Washington Post Cartoonist Fires After Drawing Bezos, Other Trump Billionaires Banned


Editorial cartoonist Anne Thelnes

Courtesy of Anne Thelnes

A Washington Post cartoonist has quit her job at a newspaper, saying her bosses blocked the publication of a satirical cartoon featuring billionaires, including one who looks like the owner of the Post Jeff Bezoskneeling before the president-elect Donald Trump.

Anne ThelnessPulitzer Prize-winning cartoonist, said in a blog post on Friday that she throw the paper after the image has been rejected. It was the first time in the Post that a cartoon was “killed because of who or what I chose to aim my pen at,” Thelnes wrote.

A rough sketch of the cartoon, posted on Telnaes’s Substack blog, shows several men kneeling before a larger man in a suit and long tie, who represents Trump. Telnaes wrote that the similarity with Metaplatforms General director Mark ZuckerbergOpenAI CEO Sam Altman, Los Angeles Times Publisher Patrick Soon-Shiong and Bezos. Three men are holding bags of money. Also included is an image of the Mickey Mouse cartoon character that presents Walt DisneyABC News.

A satirical drawing by Washington Post cartoonist Ann Thelnes, who resigned after being denied.

Courtesy of Anne Thelnes

The drawing was rejected outright by the paper, with no suggestions for potential changes, Telnaes said in an email to CNBC.

David Shipley, the Washington Post’s editorial page editor, said in a statement that the cartoon was rejected because of its similarity to the newspaper’s columns, not because of who it was aimed at.

“I respect Ann Thelnes and all she has given The Post. But I have to disagree with her interpretation of events. Not every editorial opinion is a reflection of a malevolent force. My decision was guided by the fact that we had just published a column on the same topic as the cartoon and had already planned to publish another column – satires – the only bias against repetition,” Shipley said in a statement.

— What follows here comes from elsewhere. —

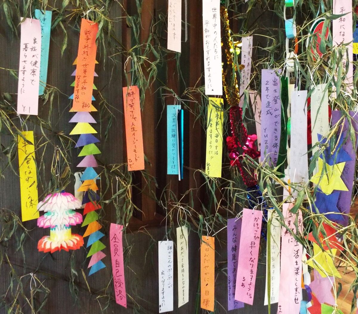多くのお客様が短冊を結んでくださっています

The cartoonist’s departure comes amid controversy over how the media and corporate executives operate treated Trumpboth before and after the November elections.

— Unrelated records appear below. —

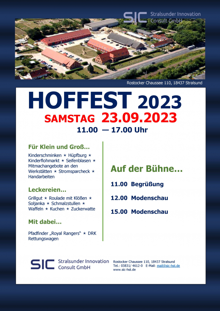 Das traditionelle Hoffest der SIC GmbH wird am 23.09.2023 von 11.00 bis 17.00 Uhr in der Rostocker Chaussee 110  stattfinden. Auf die Besucher wartet ein buntes Unterhaltungsprogramm. Die Kinder können sich auf spannende Mitmachangebote unserer Werkstätten, aufs Kinderschminken  und auf die Hüpfburg freuen. Vorgesehen sind weiterhin ein Kinderflohmarkt und die Übergabe eines Wunschbaumes der Kinder an die Institutionen der Stadt Stralsund. Neben dem guten Essen wird die Modenschau ein Highlight des Hoffestes werden. Weitere Angebote werden sein: der Stromsparcheck, das DRK mit einem Rettungswagen, der Informationsstand Royal Rangers (Pfadfinder) und unsere offenen Second Hand Kaufhäuser.
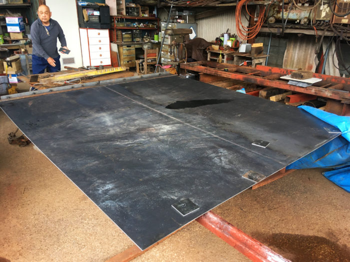 巨大鉄板庇、補強部材の位置を鉄工所で打ち合わせ。この後メッキ処理。
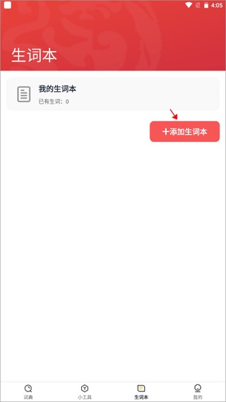 1、切换至“生词本”页面,点击右上方“添加生词本”按钮;

The Washington Post reported that Bezos spoke sharply planned support for Trump’s opponent Kamala Harris newspaper on the eve of the presidential elections. At the Los Angeles Times, Soon-Shiong also decided that the paper should disclaim any endorsement in the presidential race, which caused the resignation of several members of the editorial board.

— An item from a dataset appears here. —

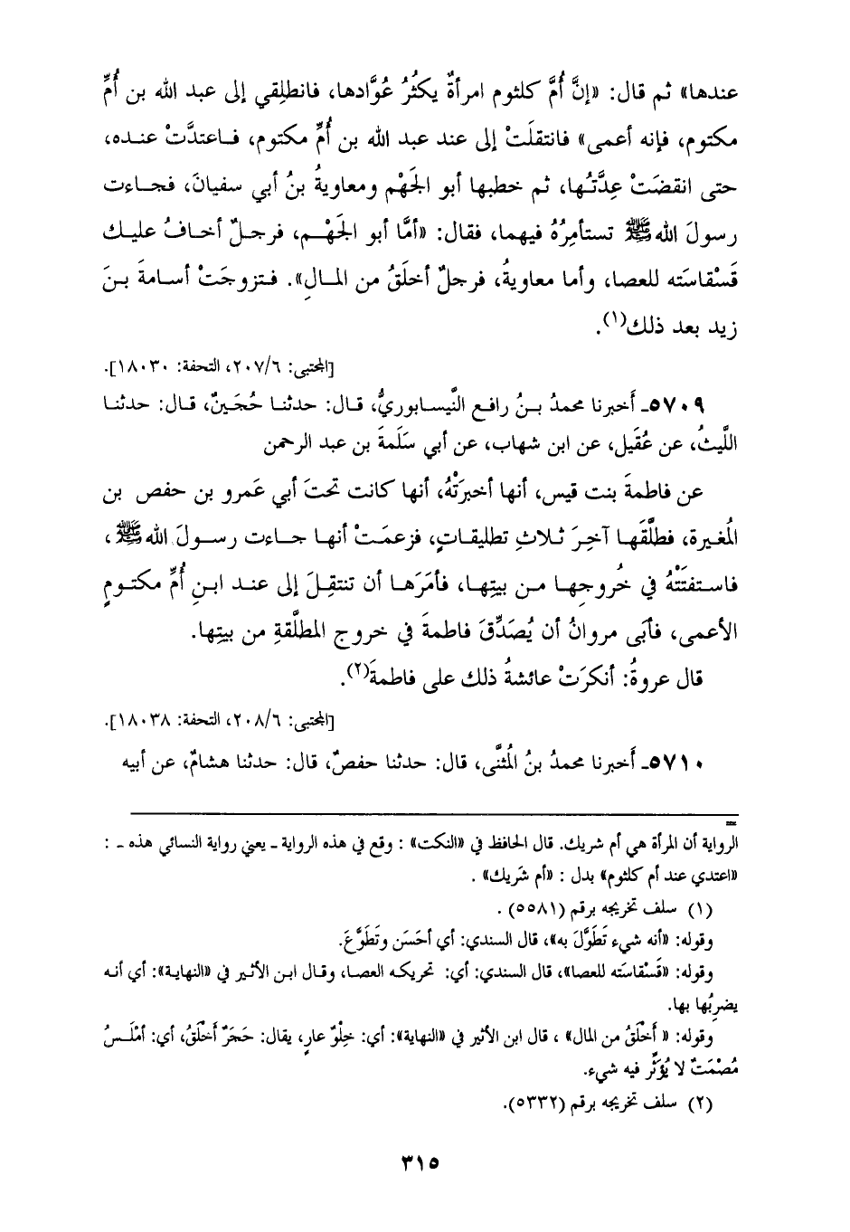 5709 - أَخْبَرَنَا مُحَمَّدُ بْنُ رَافِعٍ النَّيْسَابُورِيُّ، قَالَ: حَدَّثَنَا حُجَيْنٌ، قَالَ: حَدَّثَنَا اللَّيْثُ، عَنْ عُقَيْلٍ، عَنِ ابْنِ شِهَابٍ، عَنْ أَبِي سَلَمَةَ بْنِ عَبْدِ الرَّحْمَنِ، عَنْ فَاطِمَةَ بِنْتِ قَيْسٍ، أَنَّهَا أَخْبَرَتْهُ أَنَّهَا، كَانَتْ تَحْتَ أَبِي عَمْرِو بْنِ حَفْصِ بْنِ الْمُغِيرَةِ، فَطَلَّقَهَا آخِرَ ثَلَاثِ تَطْلِيقَاتٍ، فَزَعَمَتْ فَاطِمَةُ أَنَّهَا جَاءَتْ رَسُولَ اللهِ صَلَّى اللهُ عَلَيْهِ وَسَلَّمَ، فَاسْتَفْتَتْهُ فِي خُرُوجِهَا مِنْ بَيْتِهَا، " §فَأَمَرَهَا أَنْ تَنْتَقِلَ إِلَى عِنْدَ ابْنِ أُمِّ مَكْتُومٍ الْأَعْمَى، فَأَبَى مَرْوَانُ أَنْ يُصَدِّقَ فَاطِمَةَ فِي خُرُوجِ الْمُطَلَّقَةِ مِنْ بَيْتِهَا، قَالَ عُرْوَةُ: أَنْكَرَتْ عَائِشَةُ ذَلِكَ عَلَى فَاطِمَةَ

Meanwhile, ABC News has settled a defamation lawsuit against Trump 15 million dollarswhich drew criticism from some media law experts who felt the news organization had a strong case.

Bezos and Zuckerberg, through Meta, planned to donate $1 million to Trump’s inaugural fund. The Wall Street Journal reported last monthand were among several billionaires who met with Trump at his Mar-a-Lago home after his election victory. Multiple outlets report that OpenAI’s Altman is, too donating $1 million to the inaugural fund.

Sen. Elizabeth WarrenD-Mass, weighed on Telnes’ resignation on X, saying the cartoon was “worth sharing”: “Big tech executives are bowing to Donald Trump, and it’s no wonder why: Billionaires like Jeff Bezos like to pay lower taxes than public school teachers. “

Telnas’ departure is the latest of several internal reshuffles at the Post. Publisher and CEO Will Lewis took over the paper last year and clashed with the editors, as reports NPR. Several of the paper’s top editors have left since Lewis took over.

Telnaes won the Pulitzer Prize for editorial cartooning in 2001. She wrote on her blog that she had worked at the Post since 2008.